The Sunscreen Labeling Protection Act
Mr. President, as families prepare for Memorial Day festivities, and plan outings this summer, most will be outdoors without adequate sun protection, even if they use sunscreen.
This is because there are currently no rules that sunscreen makers must follow when making claims about the level of protection their products provide.
Currently, sunscreen products are only required to protect against UVB rays, the rays that cause tans and sunburns and the level of protection is documented with a Sun Protection Factor, SPF. Unfortunately, even these numbers can be misleading or worse, inaccurate. Researchers have found that a sunscreen product with a SPF of 30 protects against 98 percent of the sun's UVB rays, while a sunscreen labeled with a SPF of 100 protects against 99 percent of the sun's UVB rays. The larger the SPF number doesn't always result in significantly better protection.
Moreover, sunscreen products are not required to protect against cancer-causing UVA rays. UVA rays actually penetrate deeper into the skin and can cause more damage. Some sunscreens and products containing sun protection claim to protect against these rays, but there are no scientific standards by which to measure their validity.
We have seen the effects that a lack of reliable sun protection can have in the rising rates of melanoma in this country, which has doubled in the past 30 years. This year alone, over 2 million people will be informed that they have a preventable form of skin cancer.

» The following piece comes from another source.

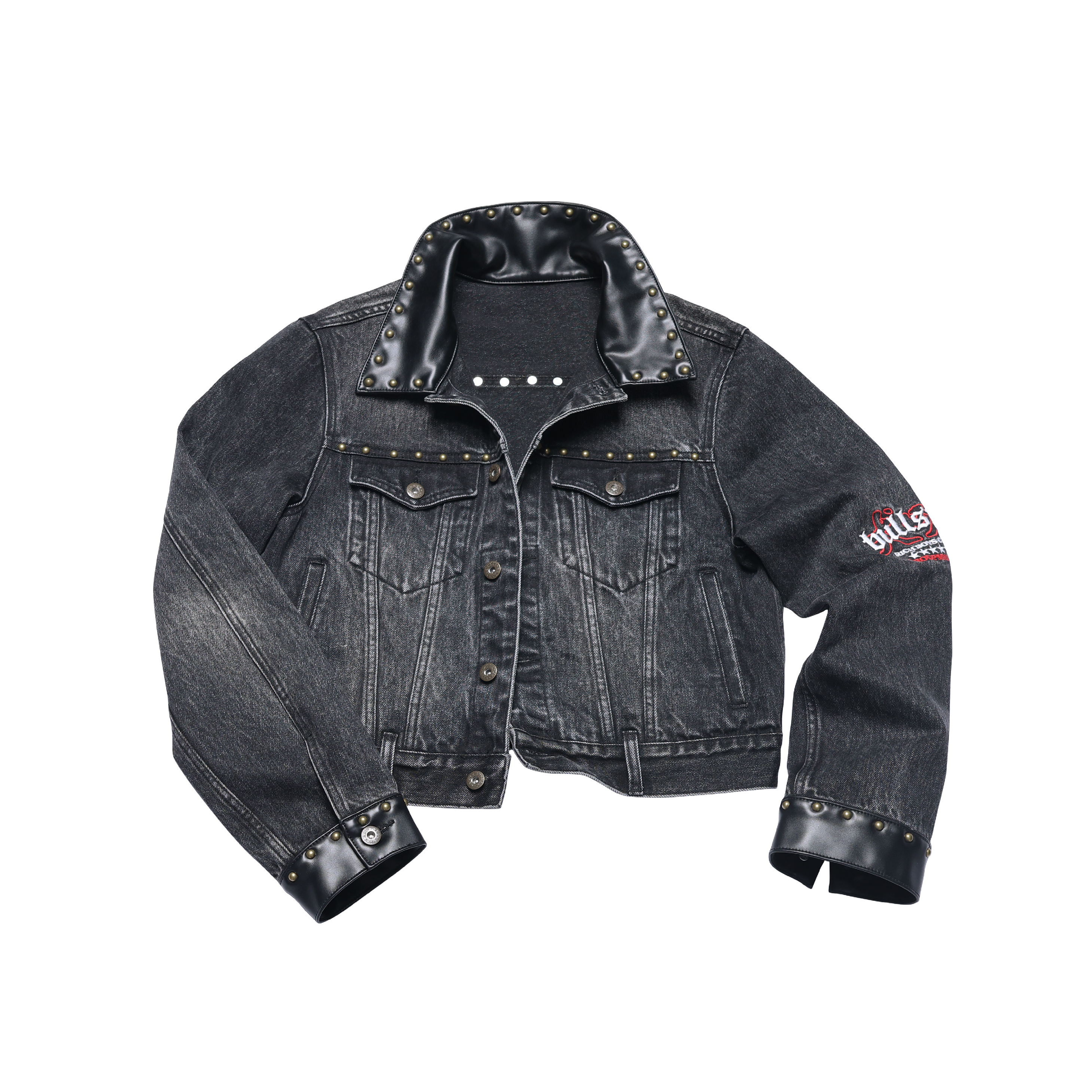 GROUPMAREK[GMK] bullshit black washed embroidered rivet patchwork cropped denim jacket
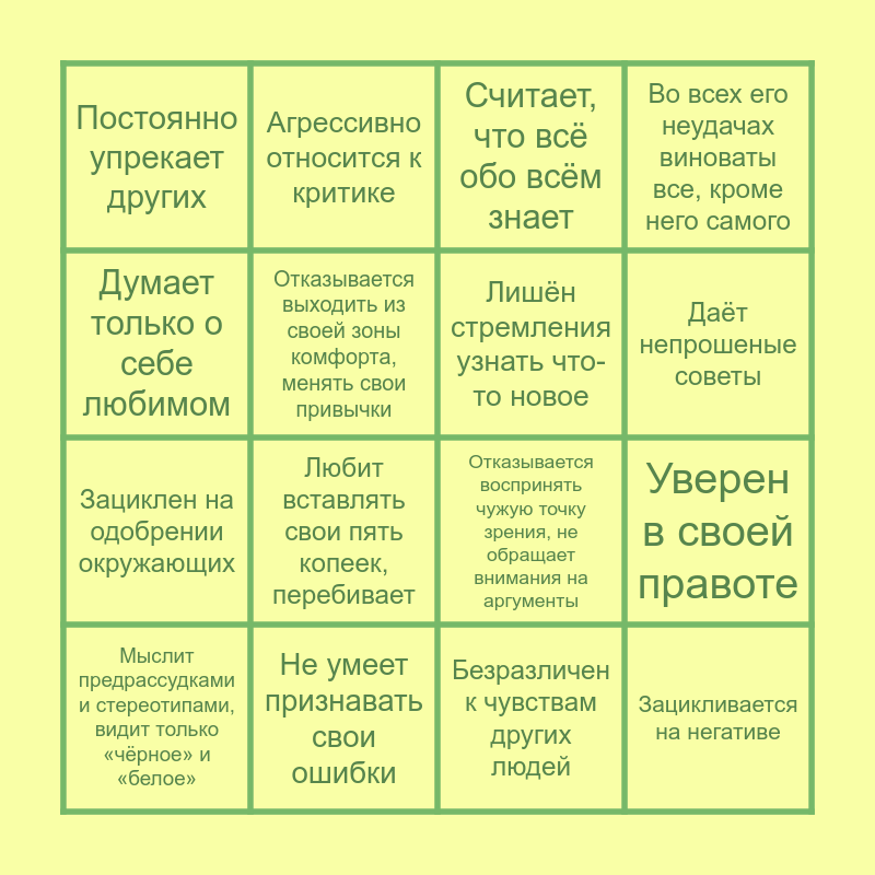 This bingo card has 16 words: Не умеет признавать свои ошибки, Уверен в своей правоте, Считает, что всё обо всём знает, Постоянно упрекает других, Зациклен на одобрении окружающих, Агрессивно относится к критике, Отказывается воспринять чужую точку зрения, не обращает внимания на аргументы, Безразличен к чувствам других людей, Думает только о себе любимом, Отказывается выходить из своей зоны комфорта, менять свои привычки, Мыслит предрассудками и стереотипами, видит только «чёрное» и «белое», Во всех его неудачах виноваты все, кроме него самого, Любит вставлять свои пять копеек, перебивает, Даёт непрошеные советы, Лишён стремления узнать что-то новое and Зацикливается на негативе.

My state of Rhode Island is among the top ten for reported melanoma diagnoses.
After years of working with my colleagues to press the Food and Drug Administration to act, in August of 2007, the FDA finally proposed a rule that would require sunscreen labels to disclose the level of UVA protection in a standard format that appears near the sun protection factor rating, and ensure that the SPF rating actually corresponds to a product's protection against UVB rays. This was a step in the right direction. The downside is that nearly 4 years later this proposal has still not been finalized.
For this reason, today I am introducing the Sunscreen Labeling Protection Act, the SUN Act, along with my colleagues, Senators Schumer, Kerry, Leahy, and Franken. This legislation would require the FDA to finalize the sunscreen labeling monograph. If the FDA fails to finalize its proposed monograph of August 27, 2007 within 180 days of enactment of the SUN Act, the monograph, as proposed, would become effective. I look forward to a summer when Americans can finally feel protected from the sun's harmful rays.